- [EXERCISE OBJECTIVE] Transcribe the whole listing below. Pictures do not go in the copy.

- [MATERIAL PROVIDED]
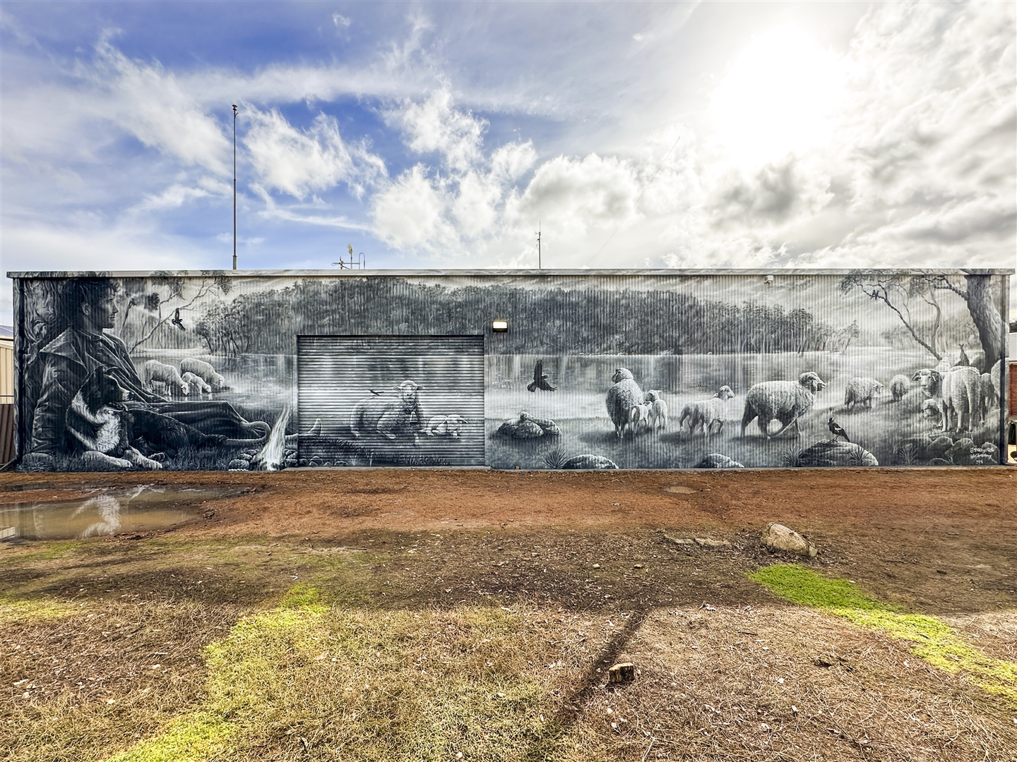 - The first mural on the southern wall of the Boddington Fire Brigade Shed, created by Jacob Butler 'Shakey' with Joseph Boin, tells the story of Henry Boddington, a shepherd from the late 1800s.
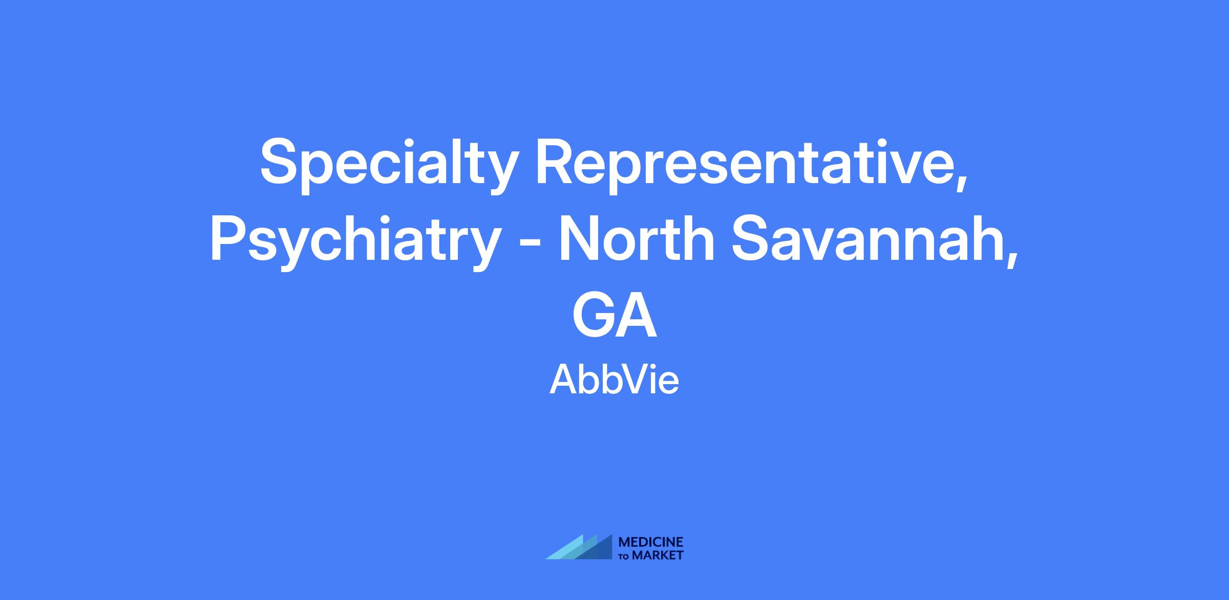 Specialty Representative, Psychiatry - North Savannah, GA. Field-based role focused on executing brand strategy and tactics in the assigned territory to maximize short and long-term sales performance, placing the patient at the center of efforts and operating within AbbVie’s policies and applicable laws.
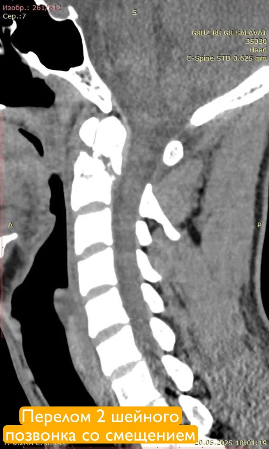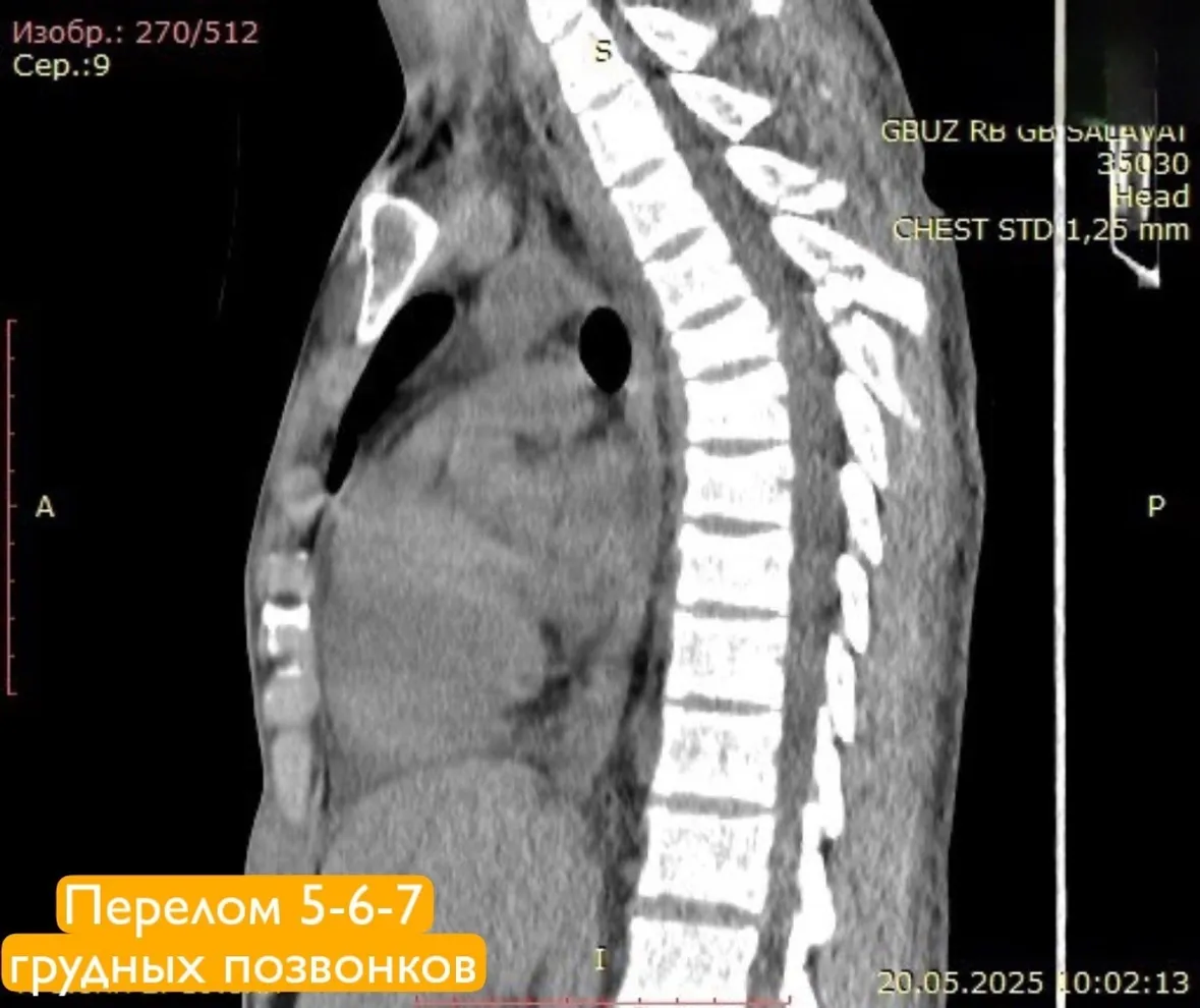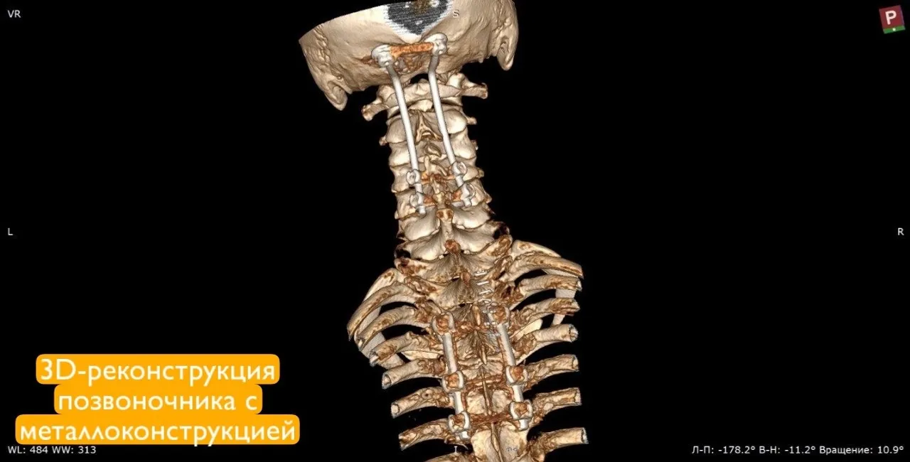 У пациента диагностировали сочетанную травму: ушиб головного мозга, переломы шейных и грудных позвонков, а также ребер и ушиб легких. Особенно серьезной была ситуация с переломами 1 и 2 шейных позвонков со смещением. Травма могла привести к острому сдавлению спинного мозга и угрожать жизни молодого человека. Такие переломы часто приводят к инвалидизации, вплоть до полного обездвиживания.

- [THE COMPLETED TASK]
 - The first mural on the southern wall of the Boddington Fire Brigade Shed, created by Jacob Butler 'Shakey' with Joseph Boin, tells the story of Henry Boddington, a shepherd from the late 1800s.
 Specialty Representative, Psychiatry - North Savannah, GA. Field-based role focused on executing brand strategy and tactics in the assigned territory to maximize short and long-term sales performance, placing the patient at the center of efforts and operating within AbbVie’s policies and applicable laws.
 У пациента диагностировали сочетанную травму: ушиб головного мозга, переломы шейных и грудных позвонков, а также ребер и ушиб легких. Особенно серьезной была ситуация с переломами 1 и 2 шейных позвонков со смещением. Травма могла привести к острому сдавлению спинного мозга и угрожать жизни молодого человека. Такие переломы часто приводят к инвалидизации, вплоть до полного обездвиживания.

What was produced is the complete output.